**EXERCISE OBJECTIVE**
Please output only the lines running from the one that contains "This major project" through the last line of the data below, exactly as they stand, with no pictures.
[Opening DATA section]
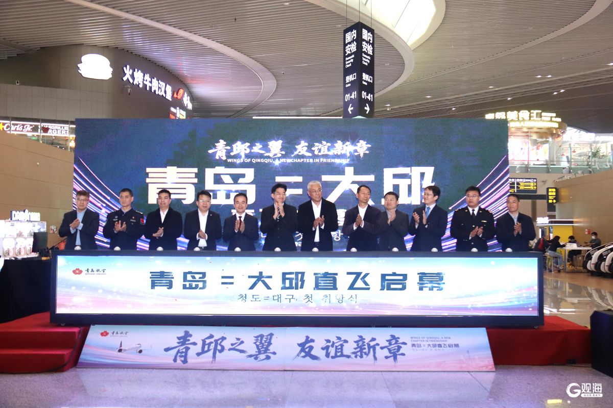 青岛日报社/观海新闻12月22日讯 12月21日,在韩国驻青岛总领事馆、民航青岛监管局、市委外办、市交通运输局、市文旅局、青岛机场集团等政府及驻场单位的共同见证下,青岛城投集团旗下青岛航空青岛=大邱国际直飞航线正式开通,这是目前山东省内首条直飞大邱的航线,也是继青岛=首尔、青岛=济州后青岛航空在韩国布局的第3条重要航线,标志着青岛航空东北亚航网拓展再进一步。
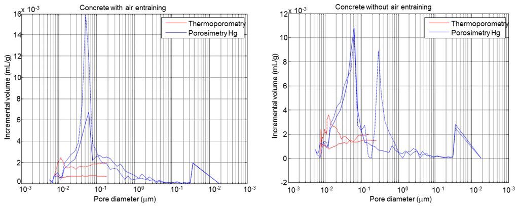 The pore size distribution of concrete specimens determined by the thermoporometry technique is shown in Figure 20. In both materials, the F-T cycles led to an increase in the volume and diameter of pores and to a peak at 0.01 μm. This behaviour is more accentuated in concrete without air entrainment. Figure 21 shows the comparison between the pore size distribution determined by mercury porosimetry and thermoporometry techniques before and after the F-T cycles. In both cases an increase of the pore volume is observed, but in different proportions. This is a consequence of the differences between these methodologies (mercury/water, high pressure/capillarity and thermal expansion) and the test conditions. In the first case, the samples are dried under vacuum while with the thermoporometry the samples are saturated.
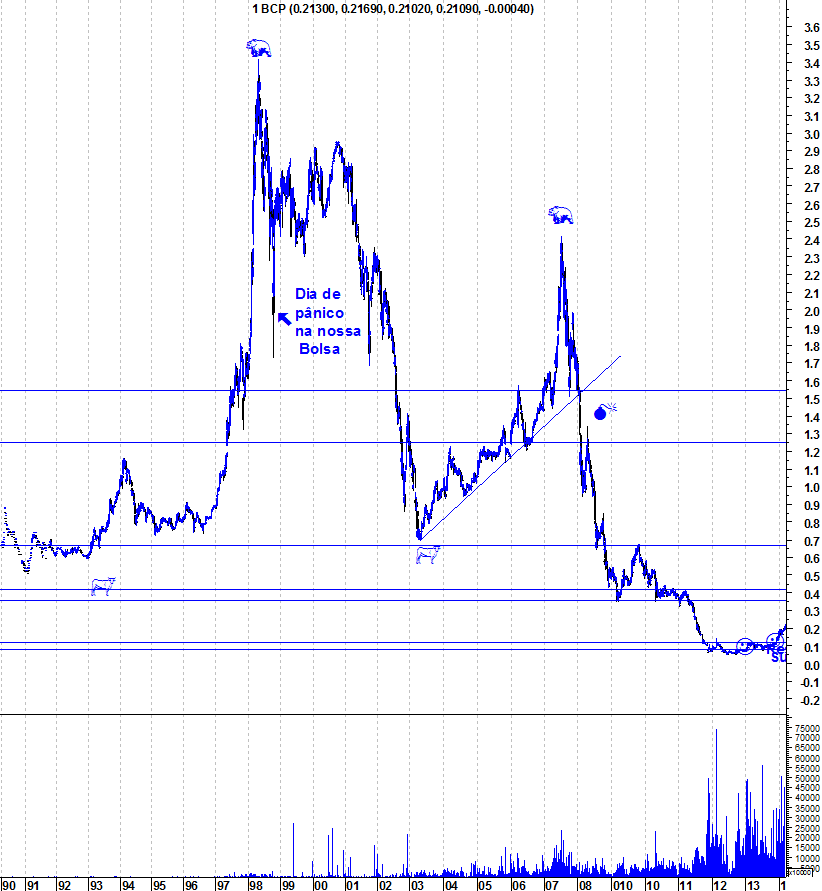 Deixo aqui o gráfico do BCP devidamente ajustado de aumentos de capital e stocks splits. O máximo histórico foi atingido em Abril de 1998 quando a cotação atingiu (a valores ajustados e, por isso, comparados com os valores de hoje) os 3,4173 euros.
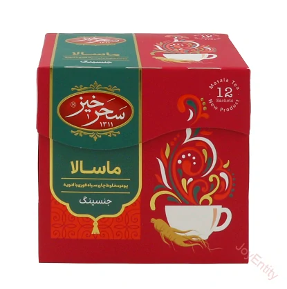 Složení: černý perský čaj, cukr, rostlinná s,etana, zázvor, skořice, hřebíček, pepř, fenykl, mušk oříšek, kořen pravého ženšenu
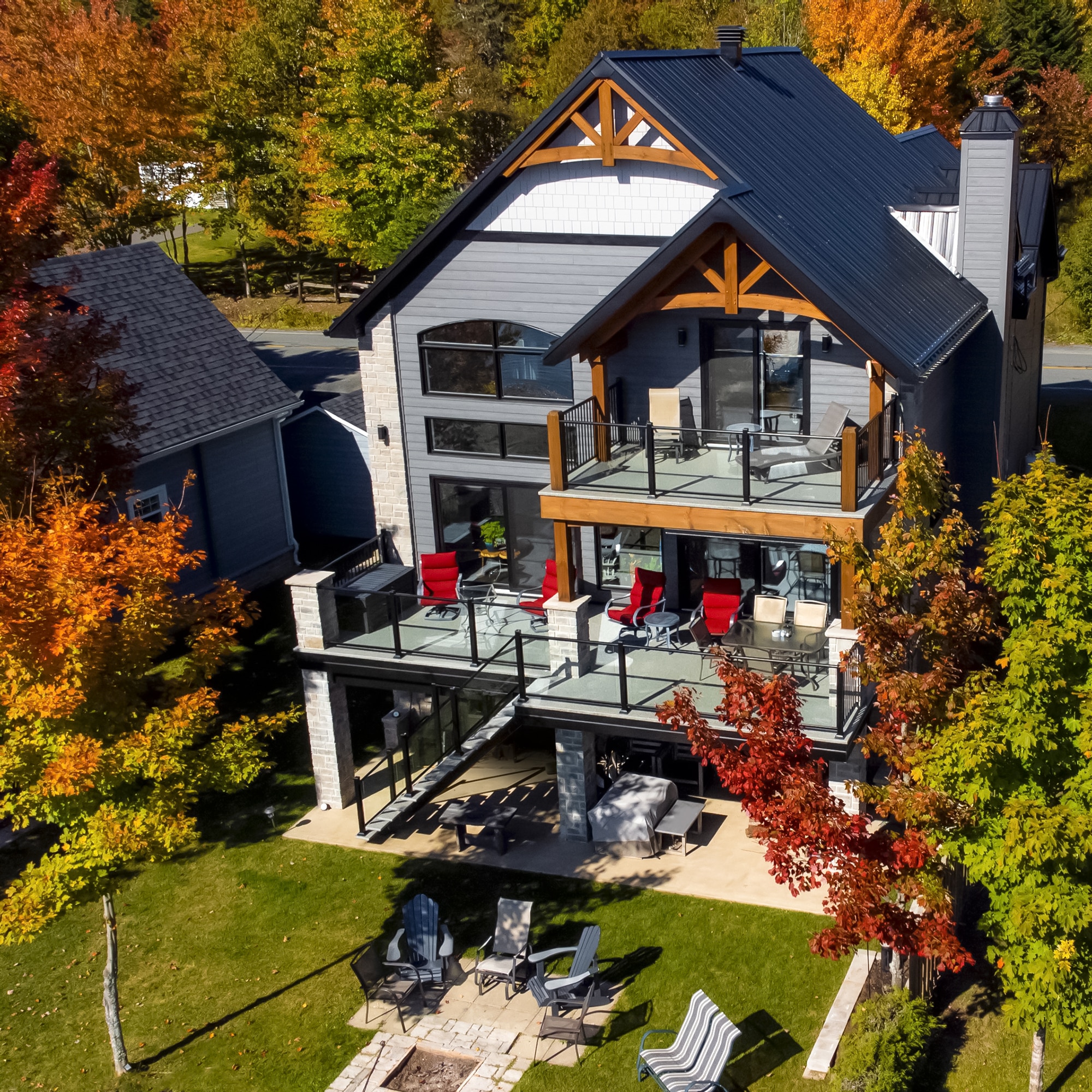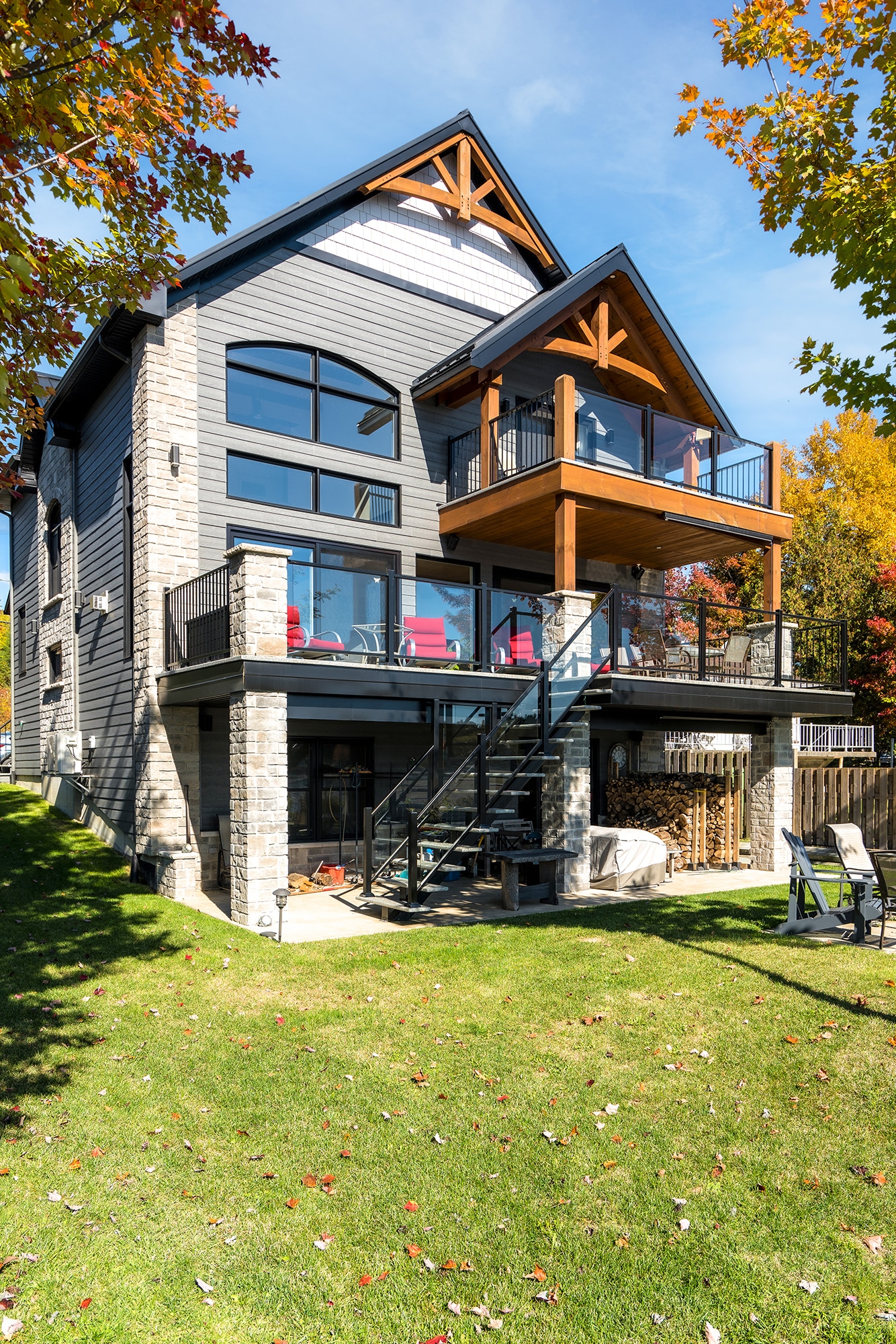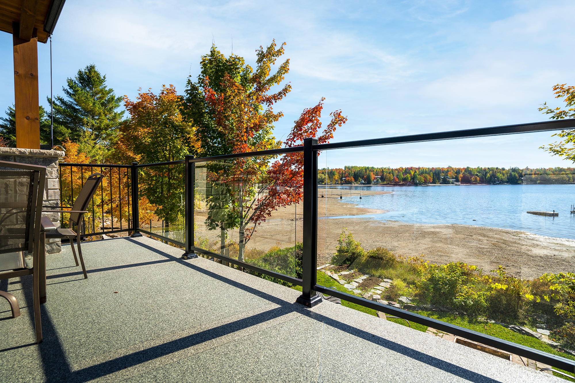 This major project on Chemin du Cerf in Adstock illustrates the versatility and distinction of the Murano model in an upscale lakeside environment. The challenge was to secure several levels of outdoor balconies and stairs while maintaining a consistent aesthetic and maximum view of the landscape. The Murano railing was selected for its robustness and framed design, which blends perfectly with the modern chalet-style architecture.
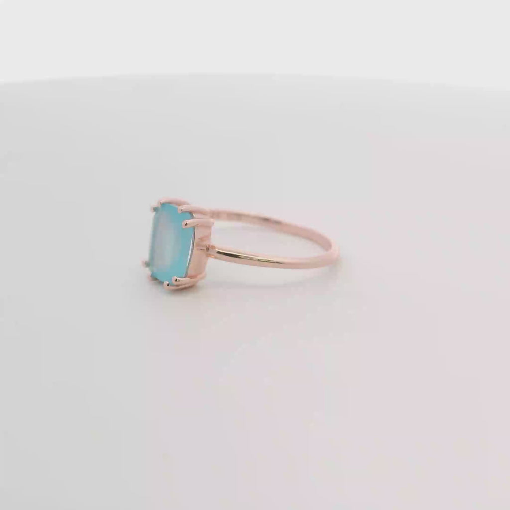 925RG SOLITARY BAGUETTE CHALCEDONY BLUE 9MM RING T6.5
[Closing DATA section]
**ANSWER FOR THIS EXERCISE**
 This major project on Chemin du Cerf in Adstock illustrates the versatility and distinction of the Murano model in an upscale lakeside environment. The challenge was to secure several levels of outdoor balconies and stairs while maintaining a consistent aesthetic and maximum view of the landscape. The Murano railing was selected for its robustness and framed design, which blends perfectly with the modern chalet-style architecture.
 925RG SOLITARY BAGUETTE CHALCEDONY BLUE 9MM RING T6.5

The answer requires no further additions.